The range to repeat runs from the line with "Situated by the" to the last line below, both ends included; give it exactly and without pictures.

*** Record excerpts ***

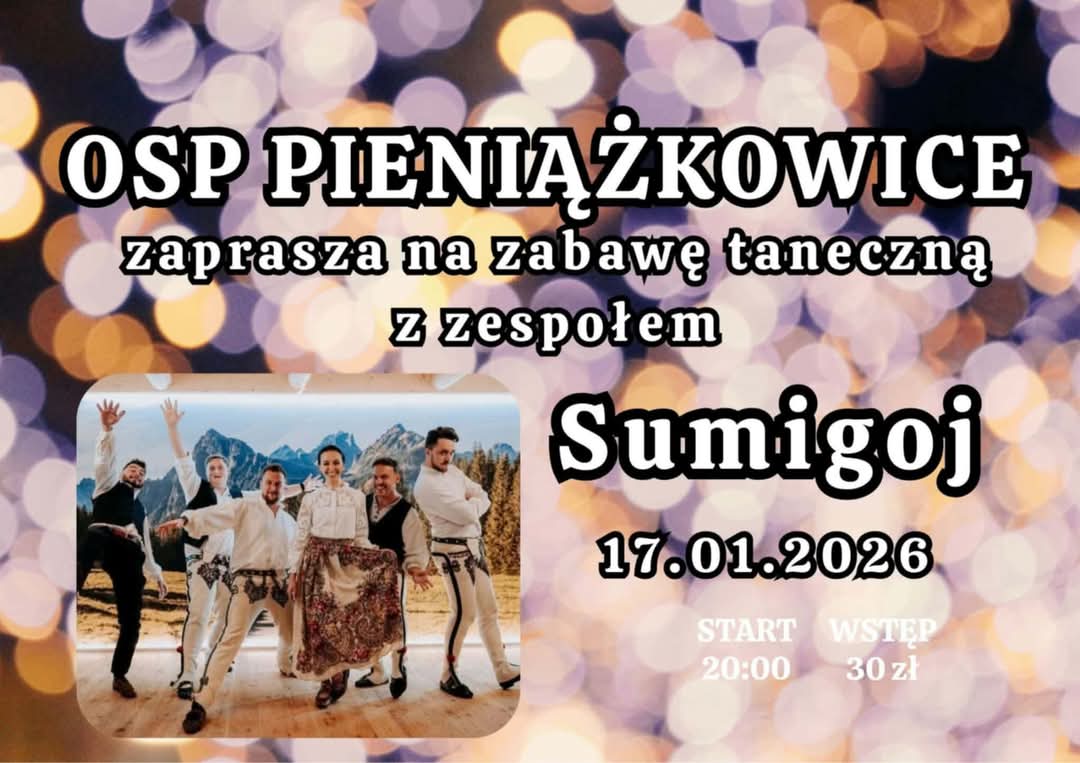 OSP Pieniążkowice zaprasza w sobotę 17 stycznia 2026 na zabawę taneczną z zespołem SUMIGOJ
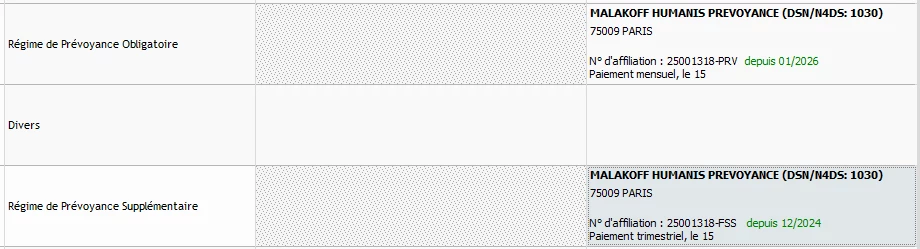 Je dois avoir un problème de paramétrage sur mon dossier car le contrat santé MALAKOFF sort avec aucun personnel couvert dans la DSN alors que les 5 salariés cotisent au contrat
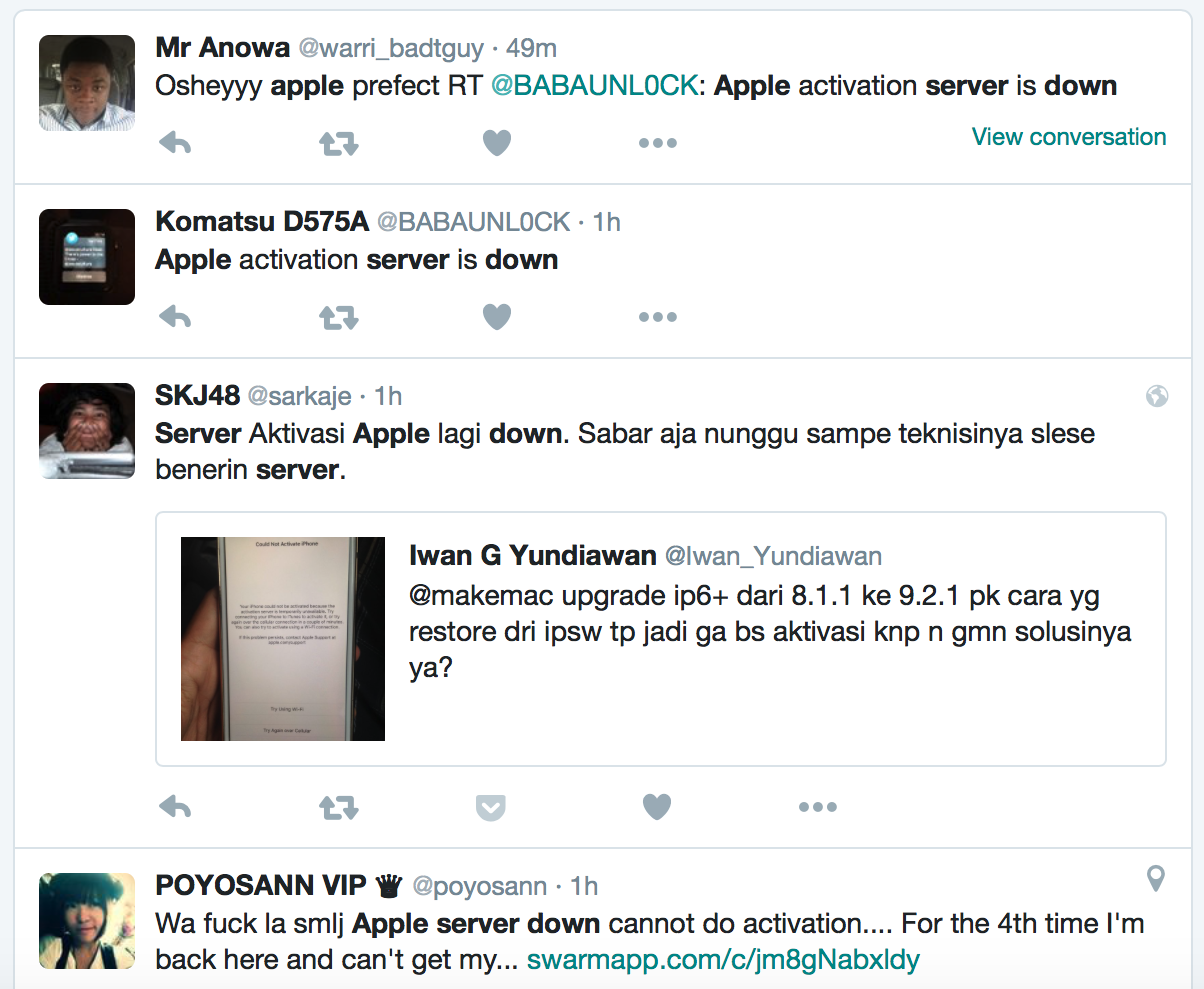 | Niều người dùng tại Đông Nam Á than phiền về tình trạng lỗi của máy chủ Apple trên Twitter. |
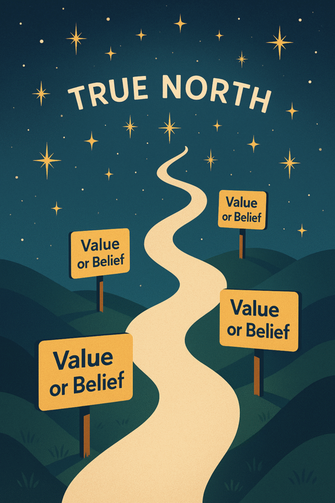 After discovering your True North, the next step is to anchor your future progress. This means identifying the values and beliefs that guide you along that path. Imagine a road lined with signposts—each one represents a value or belief that helps keep you on track.
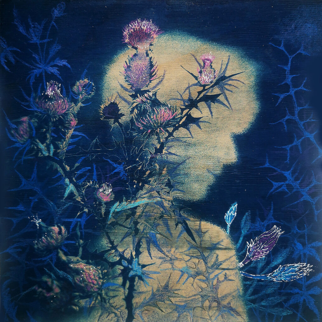 Xecon Uddin, Floating in a dream – 3, 2025, cyanotype and drawing – acrylic, pen and pencil on wood, 25 x 25 cm
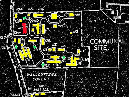 Situated by the entrance of the Communal site where everybody on the station would pass it everyday and know exactly where it was in an emergency. The two entrances were directly onto the road.
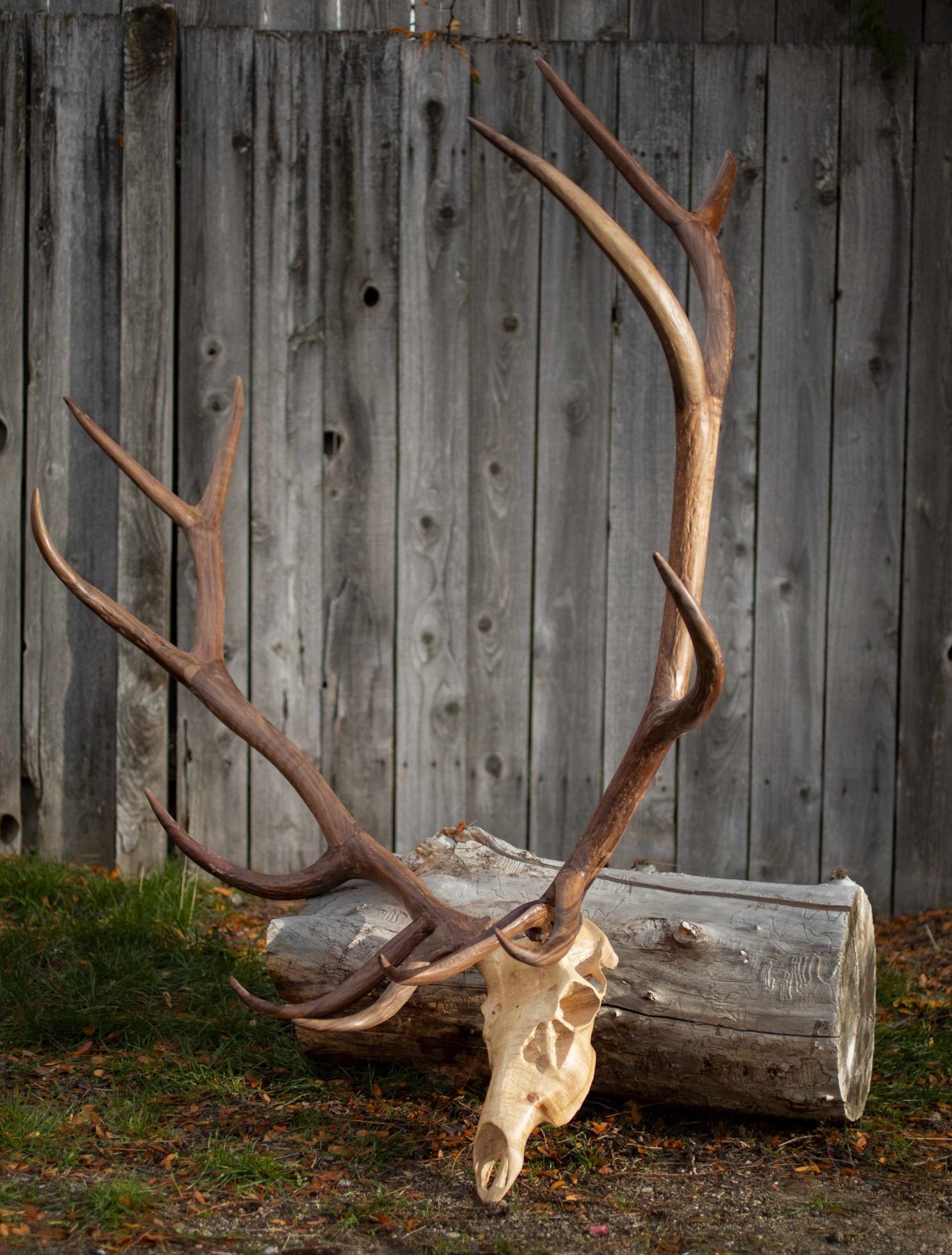 Handcrafted Bull Elk wood antler replica.

*** End of Record excerpts ***

**Expected answer:**
 Situated by the entrance of the Communal site where everybody on the station would pass it everyday and know exactly where it was in an emergency. The two entrances were directly onto the road.
 Handcrafted Bull Elk wood antler replica.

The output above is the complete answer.